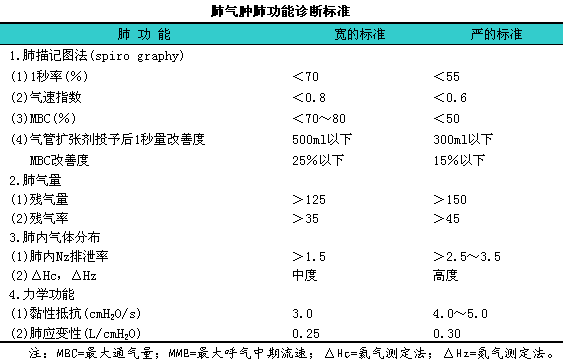 1)标准Ⅰ:i除肺描记图外,l应进行肺总量、i肺内气体分布及其他可以作的详细肺功能检查,l得以诊断者。
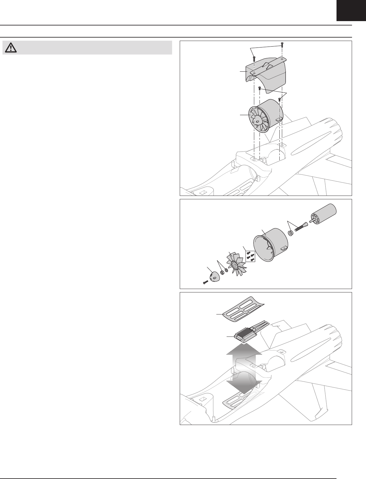 3. Pull the fan unit (D) out of the fuselage and disconnect the motor leads
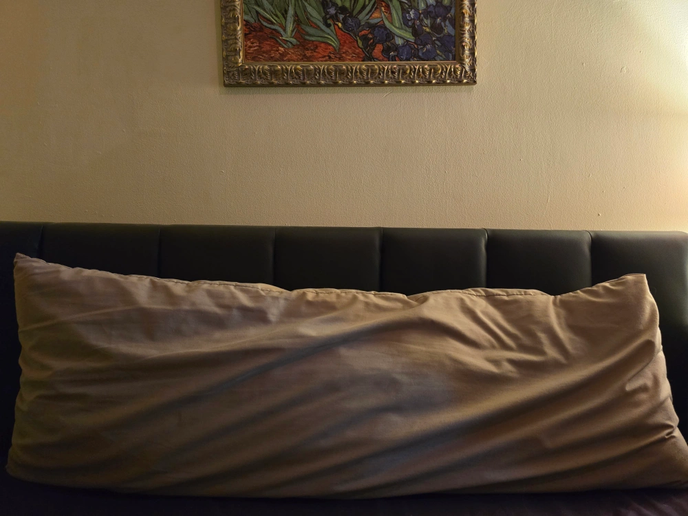 large body pillow with taupe pillow case- used as decor only

▶ [Exercise prompt]:
Reproduce the data above word for word and omit the images.

▶ [Reply to the exercise]:
 1)标准Ⅰ:i除肺描记图外,l应进行肺总量、i肺内气体分布及其他可以作的详细肺功能检查,l得以诊断者。
 3. Pull the fan unit (D) out of the fuselage and disconnect the motor leads
 large body pillow with taupe pillow case- used as decor only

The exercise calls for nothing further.